I'm having some issues with this simple query:

SELECT
  _comment.*,
  _article.title AS article_title,
  _article.reference AS article_reference
FROM
  _comment
  INNER JOIN _article
    ON _article.id = _comment.parent_id
WHERE
  _comment.path <@ '0.1.3557034'
ORDER BY
  _comment.date_publishing DESC
OFFSET 0
LIMIT 5
;

The varying information here is the ltree path "0.1.3557034"

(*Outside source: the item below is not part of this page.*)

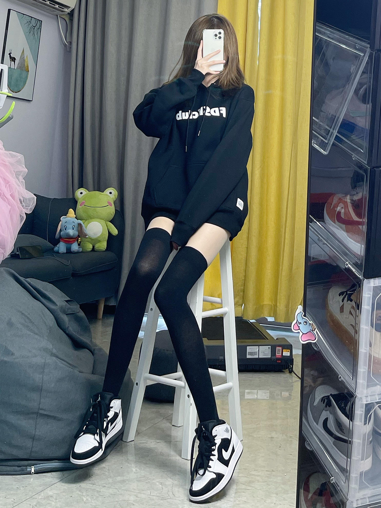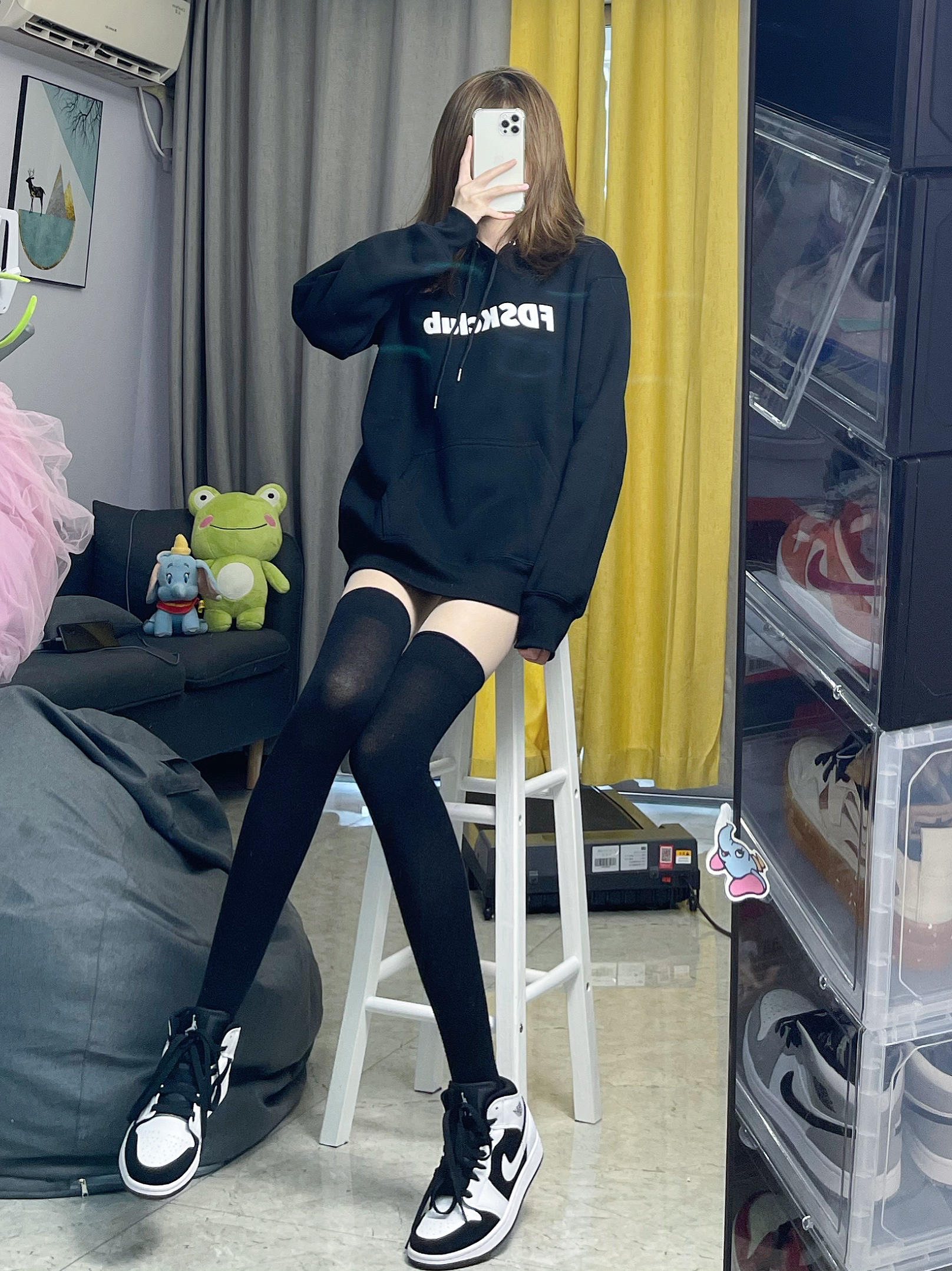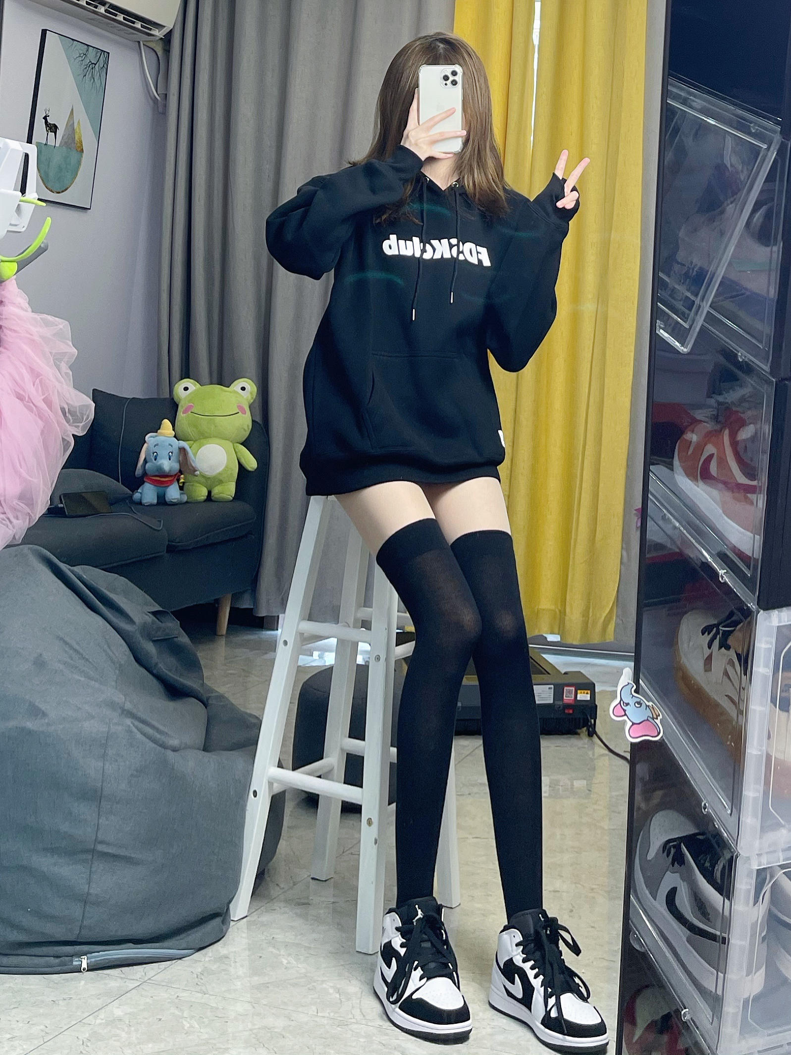 👔卫衣:FDSK 潮酷少女黑色卫衣,经典黑色连帽卫衣是秋冬超百搭的潮流单品~卫衣是比较宽松的版型,遮肉不挑人~年度显瘦色当属黑色 👟鞋子:AJ1熊猫 不用多说了 我的最爱
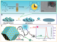 Despite the ECL binary system consisted of the luminophor and coreactant has excellent ECL intensity and efficiency, the addition of exogenous coreactants, such as hydrogen paroxide (H2O2), tri-n-propylamine (TPrA) and peroxydisulfate (S2O82−), suffers from toxicity and poor stability in aqueous solutions [12-14]. Unlike classical exogenous coreactants, dissolved O2 exhibits distinctive advantages, including biocompatibility, low toxicity and without involving any extra addition, making it as an extremely promising coreactant. Nevertheless, its low reactivity for reactive oxygen species (ROSs) generation has been the notable drawback in its biosensing application [15]. Therefore, it is a critical step to increase the production of the ROSs from dissolved O2 in the construction of exogenous coreactant-free biosensing platform. In our previous work, covalent organic frameworks (COF) could be used as ECL micro-reactors [16] to achieve significantly enhanced ECL in tris(2, 2′-bipyridyl) ruthenium(Ⅱ)/TPrA system (Ru(bpy)32+/TPrA), because the TPrA as exogenous coreactant could be in situ readily reduced to the active TPrA• in the porous nanochannels of COF by means of the pore confinement effect [11]. Recently, with the in-depth researches on organic frameworks materials, metal-organic frameworks (MOF) [17, 18] with highly ordered channels assembled by metal ions and organic/inorganic ligands has shown a spectacularly catalytic effect on dissolved O2 efficiently. For instance, zeolitic imidazolate framework-8 (ZIF-8), as a rhombic dodecahedron MOF, was demonstrated that it met the prerequisite for efficient catalytic reduction of dissolved O2 for its abundant pyridine nitrogen (C−N bond) [19]. Inspired by this, we inferred that ZIF-8 could emerge as a promising candidate in constructing exogenous coreactant-free biosensor platform owing to the increased production of the ROSs. Herein, ZIF-8 could not only provide the confined spaces to pre-concentrate dissolved O2 for the pore confinement effect, but also had a significant effect on catalytic reduction of dissolved O2 for the existence of abundant C−N bond. To sum up, ZIF-8 furnished a favorable matrix for building efficient and concise CDs based-ECL biosensors.

Usually it's quite fast (<1s) but sometimes after an ANALYZE on the
_comment table it gets so slow it's killing our servers. And it's
really random.
We run our servers with default_statistics_target=100, I tried setting
it up to 1000 (max) but it does not change this wrong behavior.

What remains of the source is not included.